Just as the concept “big” gives an indication of something’s size, but is no substitute for its more precise measurement, so a movie rating give an indication of a reviewer’s evaluation of movie but is no substitute for reading the actual review.
A recent article in The Financial Times titled “Net Neutrality Comes Back to Haunt Google” demonstrates why Google should stand on principle in its business practices and should give one pause in advocating Net Neutrality.
Many in the tech industry advocate Net Neutrality, which is the idea that all traffic transferred over the Internet should be treated equally with all other traffic. Internet Service Providers (ISPs) such as Comcast, AT&T and Time Warner are most people’s conduits to the Internet. Net Neutrality would force ISPs from throttling or prioritizing traffic through their networks. For example, some ISPs have slowed down or blocked certain types of traffic (or even prioritized other types of traffic), such as heavy users or traffic transferred by certain applications such as those involved in illegal file sharing or voice over IP data transferred by applications like Skype.
Before you jump in and say whether that’s good or bad for customers, consider that these companies own these networks and as such, it is their right to set the terms for their service. If customers do not receive the quality or quantity of service they want, they are free to select another provider (or no provider). They do not have the right to dictate how ISPs must run their service.
Google has advocated Net Neutrality, according to the article, because they believe the lack of Net Neutrality will hurt their business. But now they are under fire on a new front but up against the very principle they have been advocating. Some now want to regulate search results on the Internet, and dictate how Google must rank their search results.
Why? Google has “too much power,” the argument goes, with respect to sending traffic to sites on the Web. They determine who gets placed and how high up Web sites are shown in search results.

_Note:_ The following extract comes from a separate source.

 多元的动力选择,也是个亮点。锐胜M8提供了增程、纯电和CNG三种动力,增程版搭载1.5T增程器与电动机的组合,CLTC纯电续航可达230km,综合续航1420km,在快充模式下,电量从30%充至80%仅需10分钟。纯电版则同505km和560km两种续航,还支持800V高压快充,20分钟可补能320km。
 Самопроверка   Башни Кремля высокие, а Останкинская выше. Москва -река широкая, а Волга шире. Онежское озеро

A small change in search engine positioning can make or break a business, and an entire industry has been borne around search engine optimization (SEO) by businesses in order to exploit the value Google has created for Web publishers.

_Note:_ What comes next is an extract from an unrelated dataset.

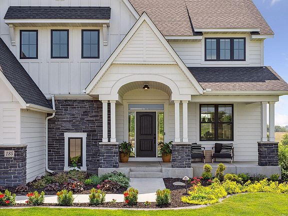 Stunning two-story home on 8.68 acres in the Hamilton Century Farm neighborhood. Loaded with amenities, this open concept plan offers a spacious kitchen with quartz countertops, great room with a fireplace, built-in cabinetry and floor-to-ceiling windows that flood the space with natural light and showcase long southwesterly country, pond and sunset views. Additional features on the main level include a heated 3-season porch with a fireplace, formal and informal dining areas, den/flex room and a walk-in pantry. The upper level provides four bedrooms including the luxurious owner’s suite with a beautiful bathroom and custom walk-in closet, as well as the laundry room. The walkout lower level is excellent for entertaining with a large family room, game room, wet bar, exercise room and a sport court. The property also includes a 4-car heated garage and extensive custom landscaping with patios, firepit and a front porch. Located at the end of a quiet cul-de-sac. High demand Orono schools.
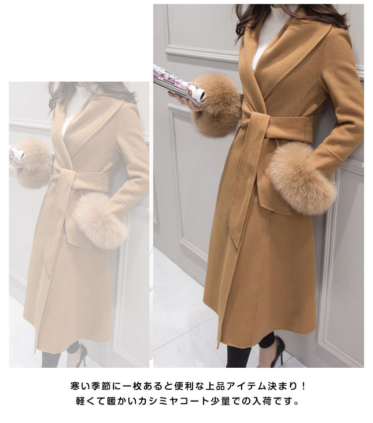| 寒い季節に一枚あると便利な上品アイテム決まり!軽くて暖かいカシミヤコート少量での入荷です。ウエストにかけてきれいにシェイプされ、裾へ向けて広がった美しいシルエットです。ベルトは高い位置にデザインされ、足長効果があり、ウエストを細くスタイルよくみせます。保温性に富んだカシミヤは、光が当たる度に美しい光沢を放ちます。パンツスタイルはもちろん、フォーマルなスタイルでもエレガントに着こなせます。 | |

But it is Google that has created the value of search in the first place, and to dictate how they must run their business is a violation of their rights and an attempt to expropriate the value they did not earn by that which they did not create.
Google commands such “power” because it has won customers over in terms of the value of their search engine. From recipes to song lyrics to news articles to photographs, Google will help you find the most relevant content on the Web in the most convenient way possible to you. That is their purpose and that is the core of their business, and they have won customers over by being the best at it and, as a result, earned the position of the dominant player in the market.
But to force Google to modify their search results by force will destroy this value, and that is exactly what proponents of “Search Neutrality” desire. They want to make Google give results to customers according to their standards and whims, and determine how search should be optimized, not by the free choice of customers (such as by creating a competing search engine that is better than Google that customers want to use), but at the point of a gun. How did Google gain the dominant position in the marketplace? Blank out. They just are, and they want a piece of it–a piece they did not earn and cannot win legitimately.
That same threat is currently being faced by ISPs by telling them how they must run their business. Google had better wise up to the principle involved here and defend ISPs rights and oppose Net Neutrality, or they won’t have a moral foundation to stand on when regulators come after them as their next target.